*Work item*. Copy the first line of the entries below and every line after it through the line containing "Buy Wooden Stamps". Do not include pictures.
(Input data begins)
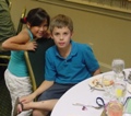 Forty-eight Haskell family members arrived at the Gettysburg Hotel Friday afternoon to be greeted by Louisa Stone and Edie Haskell at the registration table outside the Stevens Room. Louisa had made personalized name tags for everyone with the entire line of descent from Roger1, William1, or Mark1—each brother having a unique color scheme. The front of the badge contained generations 1 and 2 at the top and the member’s name and parent name at the bottom. The back of the badge contained all of the intermediate generations.
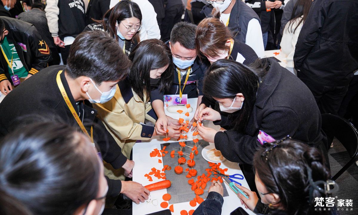 蘿卜塔,主要考核的是組員之間的相互配合精神,大家根據桌子上的工具,將蘿卜切塊、搭建,在規定時間內搭建越高、穩定性越強、支撐越久,就代表勝利。
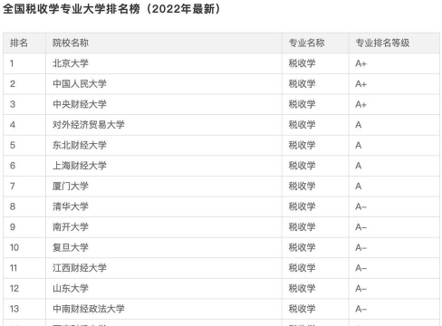 根据提供的信息,以下是部分财税专业大学排名情况:
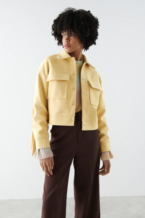 Veste jaune à franges et poches "Faya" de Gina Tricot
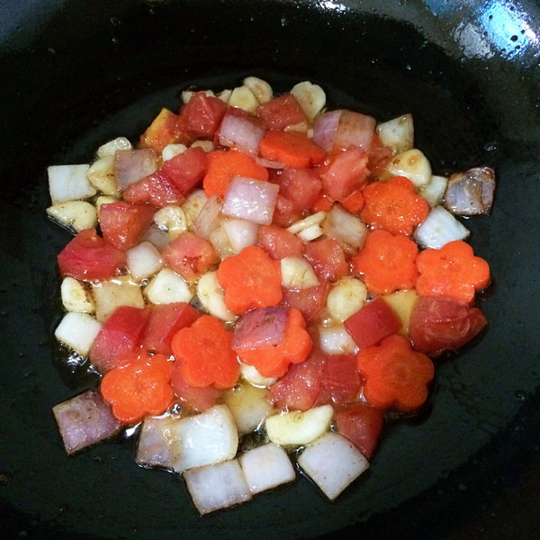 将彩椒切成小丁,蒜籽切成片,胡萝卜用模具切成花。
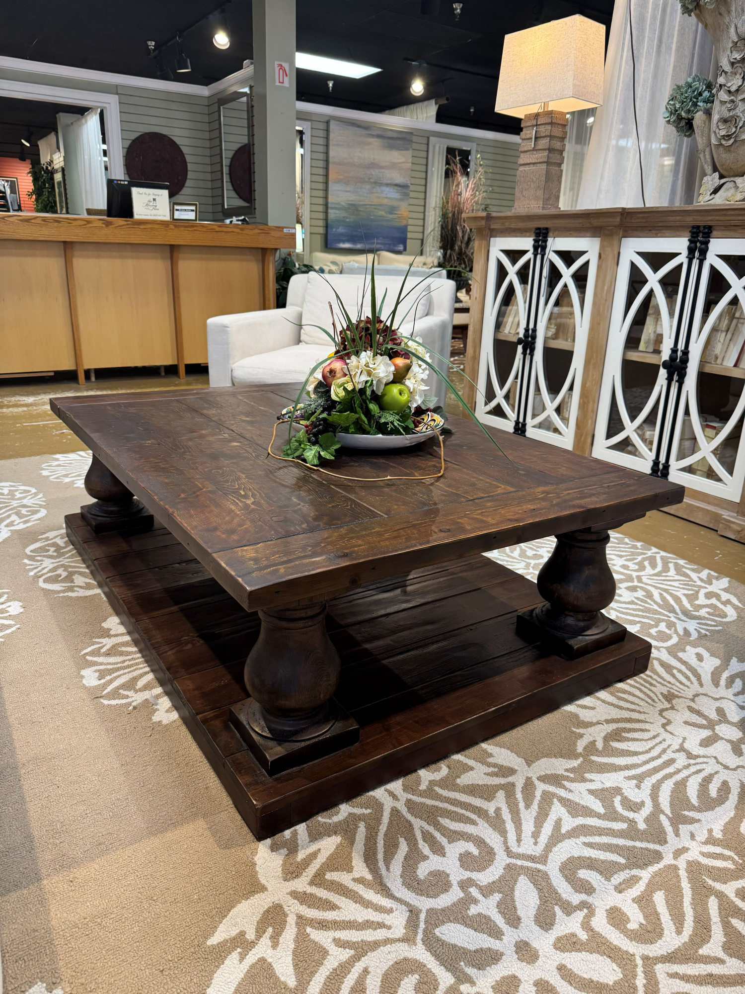 Rustic plank top balustrade coffee table in a rich dark finish. Made for a spacious room. Measures 60"long x 40"wide x 18"high.
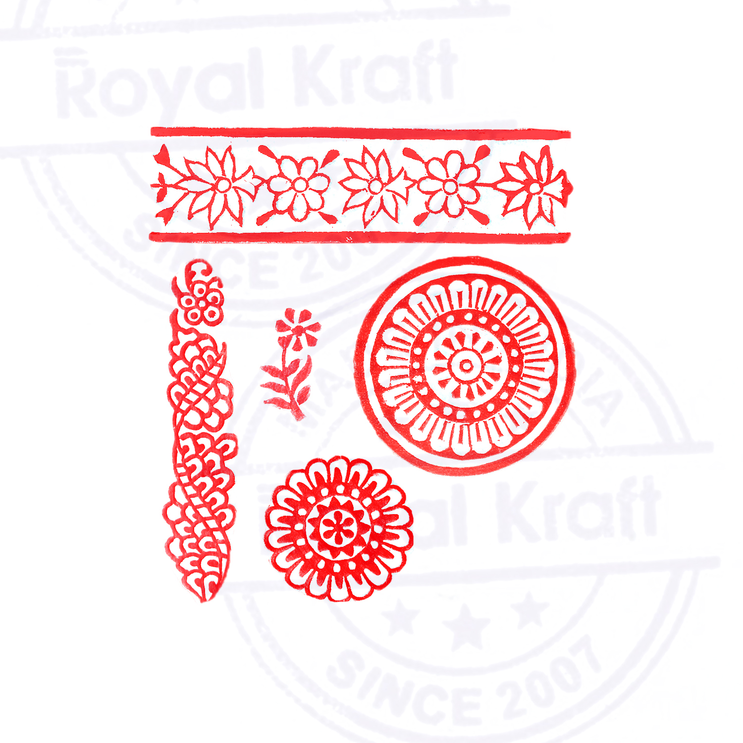 Buy Wooden Stamps for Block Printing on fabric, textile, clay, pottery, henna tattoo, paper from Royal Kraft. Wooden printing stamps are wonderful tools for adding intricate designs to various surfaces. When selecting wooden printing stamps, consider the intricacy of your design needs, the quality of the wood, and the size of the stamp. Hand-carved stamps might offer an authentic, artisanal touch, consistency in the print.
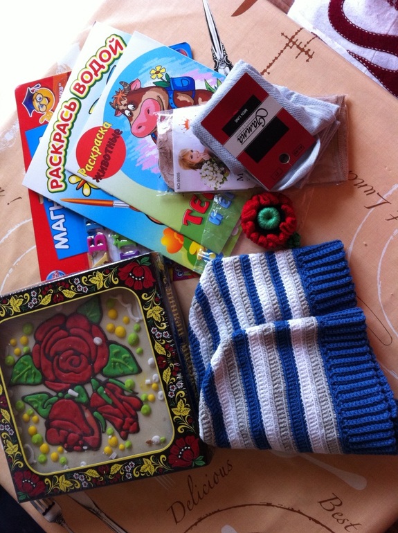 А вот и мы получили посылочку от Наташи Василена с шапочками для моих мальчуганов, а там еще и приятности. Спасибо тебе большое, Наташ, шапочки очень крутые, такие вроде и мальчуковые, но мягонькие и аккуратненькие.
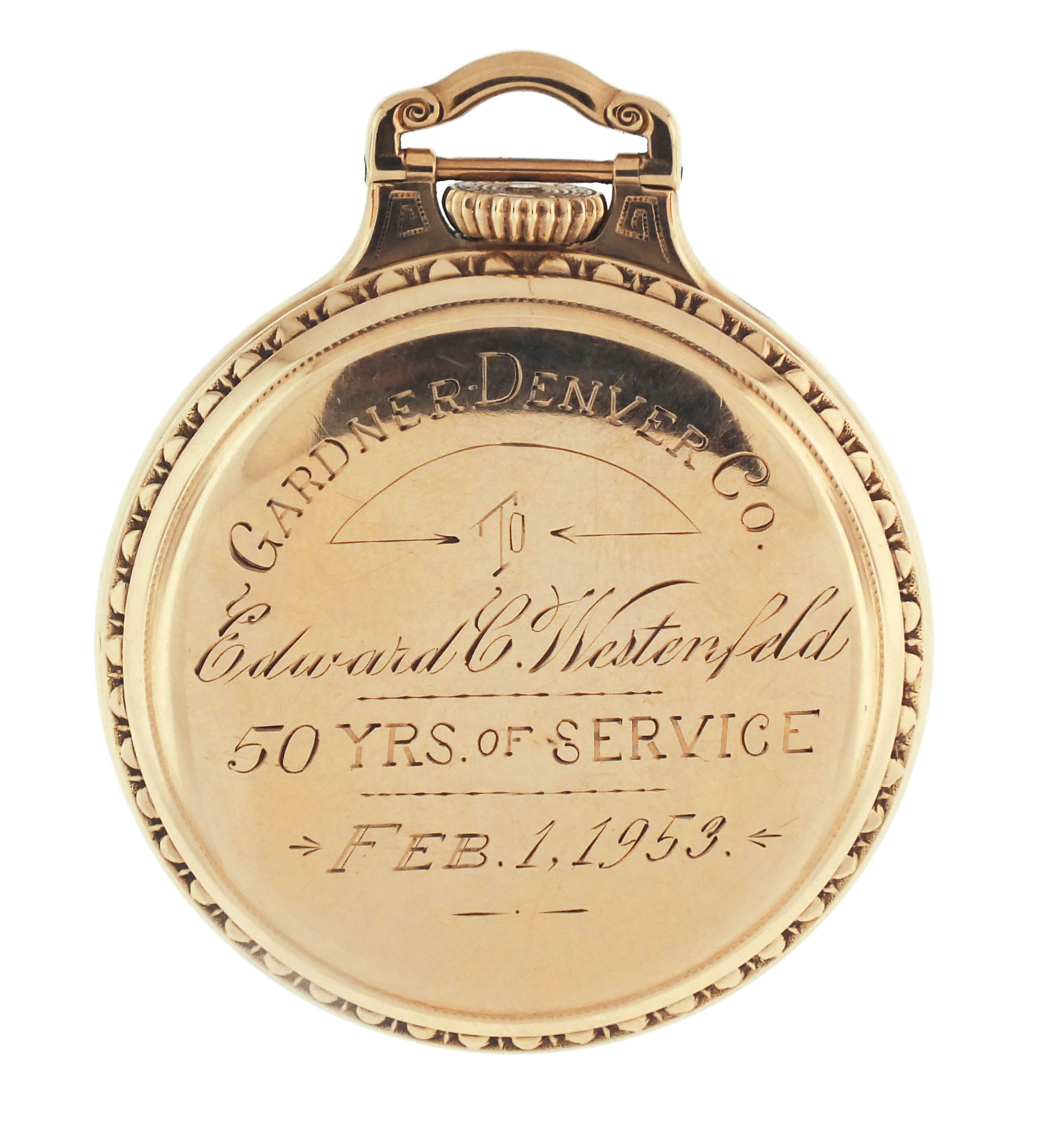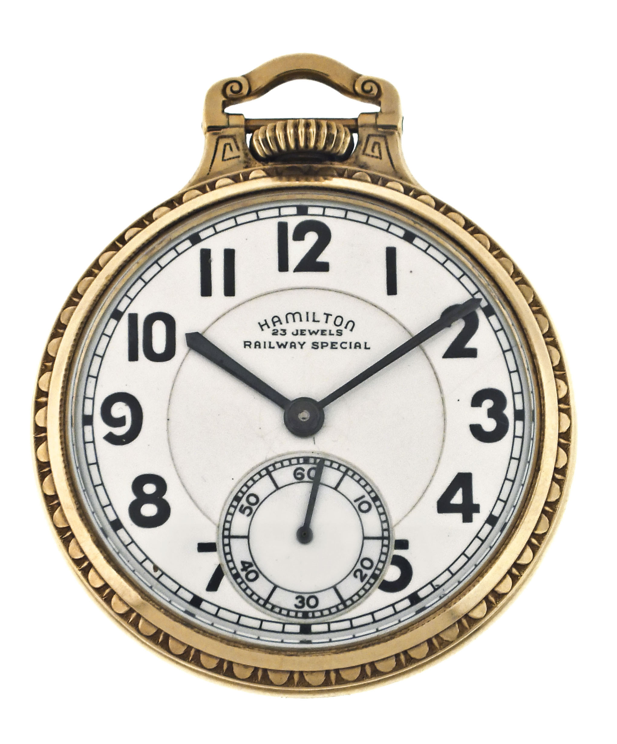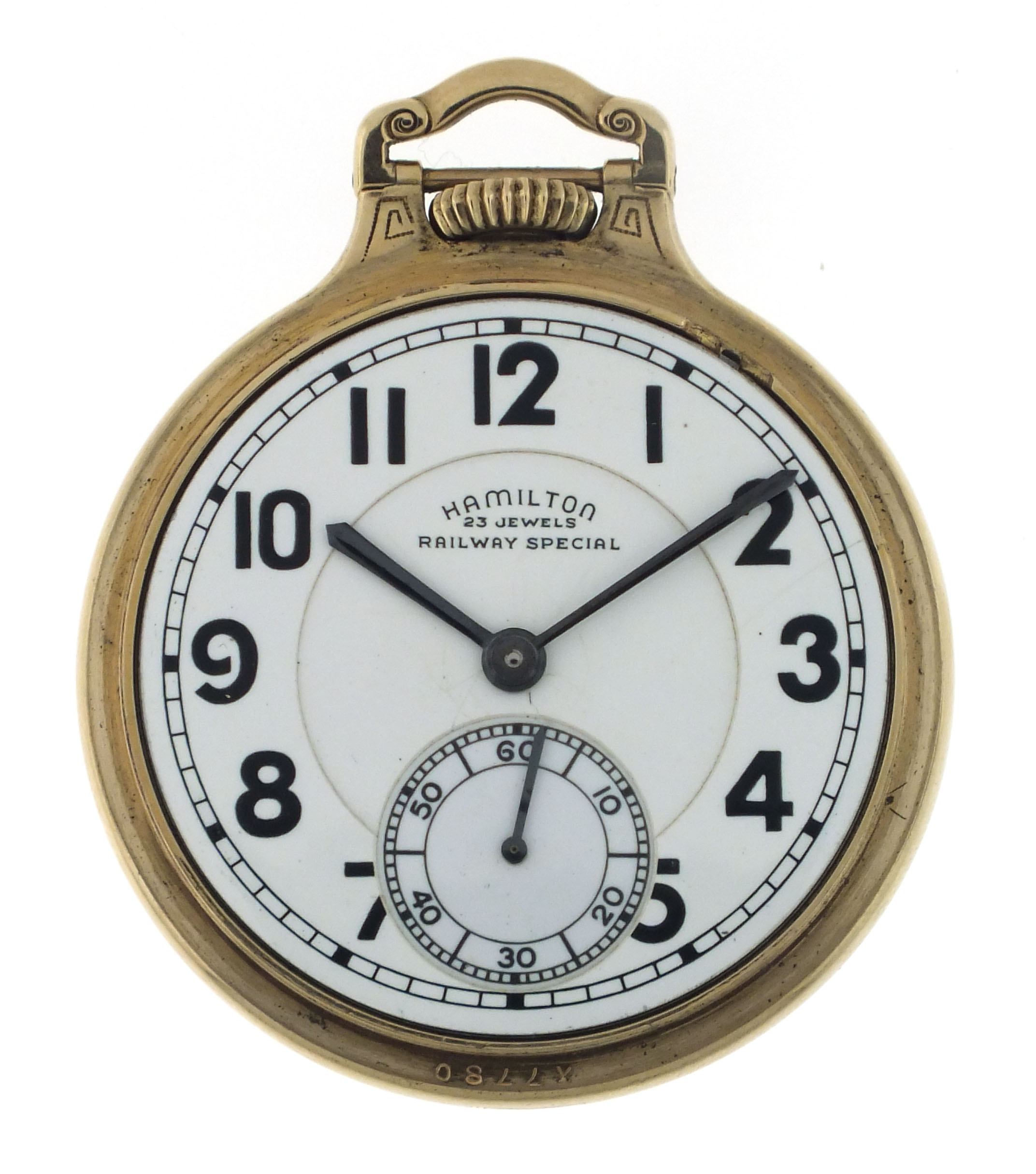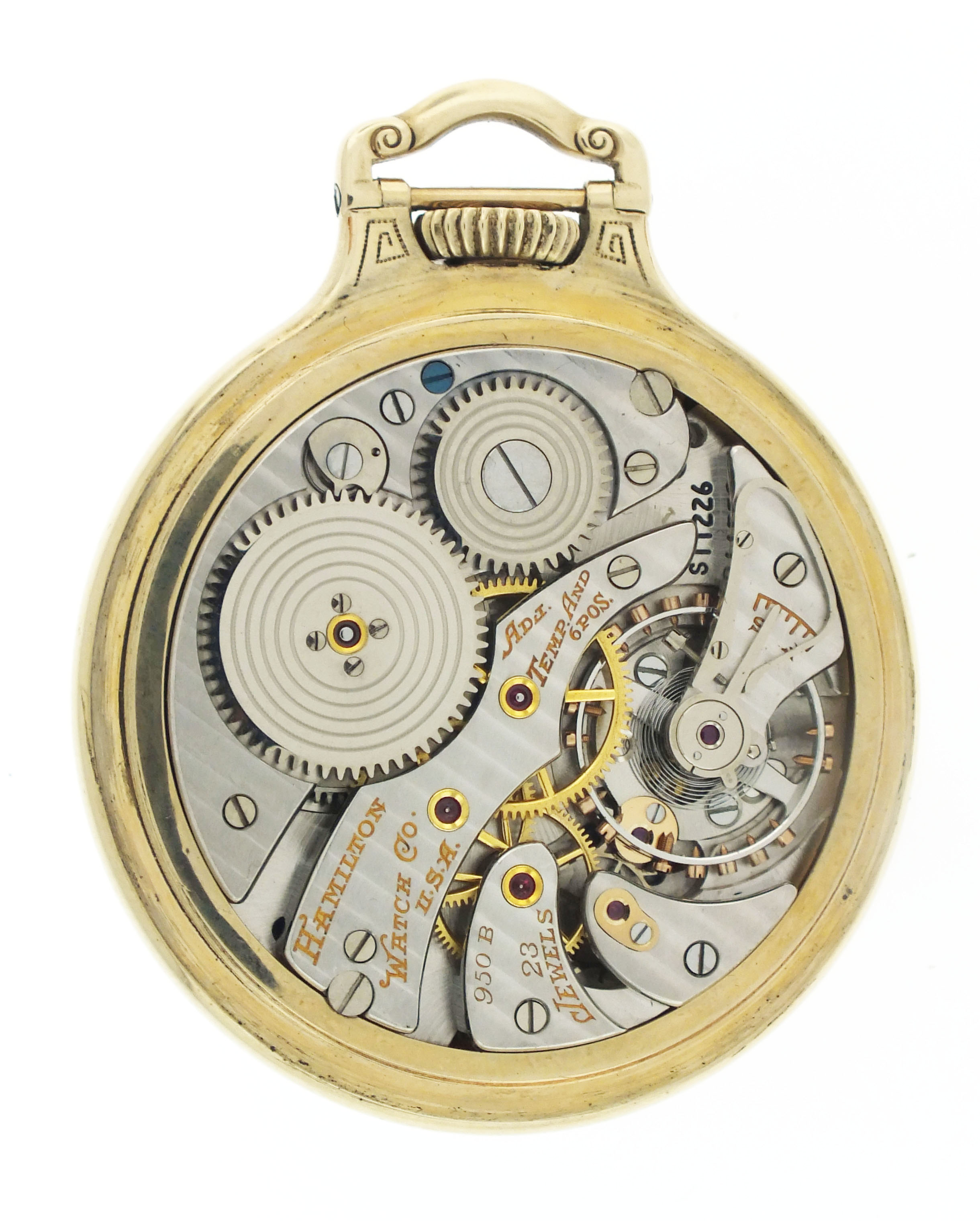 Hamilton Watch Co., Lancaster, Penn., a mid 20th century grade "950B" pocket watch, 16 size, 23 jewels, stem wind and lever set, adjusted to 6 positions, temperature and isochronism damascened nickel plate movement with lever escapement, monometallic balance with gold screws and whiplash micrometric regulator in a gold filled, screw back and bezel, open face bar over crown case with engraved presentation on back, arabic numeral, double sunk white enamel dial marked "Hamilton 23 Jewels Railway Special", with black baton hands, serial #S11226
(Input data ends)
*Solution for this exercise*.
 Forty-eight Haskell family members arrived at the Gettysburg Hotel Friday afternoon to be greeted by Louisa Stone and Edie Haskell at the registration table outside the Stevens Room. Louisa had made personalized name tags for everyone with the entire line of descent from Roger1, William1, or Mark1—each brother having a unique color scheme. The front of the badge contained generations 1 and 2 at the top and the member’s name and parent name at the bottom. The back of the badge contained all of the intermediate generations.
 蘿卜塔,主要考核的是組員之間的相互配合精神,大家根據桌子上的工具,將蘿卜切塊、搭建,在規定時間內搭建越高、穩定性越強、支撐越久,就代表勝利。
 根据提供的信息,以下是部分财税专业大学排名情况:
 Veste jaune à franges et poches "Faya" de Gina Tricot
 将彩椒切成小丁,蒜籽切成片,胡萝卜用模具切成花。
 Rustic plank top balustrade coffee table in a rich dark finish. Made for a spacious room. Measures 60"long x 40"wide x 18"high.
 Buy Wooden Stamps for Block Printing on fabric, textile, clay, pottery, henna tattoo, paper from Royal Kraft. Wooden printing stamps are wonderful tools for adding intricate designs to various surfaces. When selecting wooden printing stamps, consider the intricacy of your design needs, the quality of the wood, and the size of the stamp. Hand-carved stamps might offer an authentic, artisanal touch, consistency in the print.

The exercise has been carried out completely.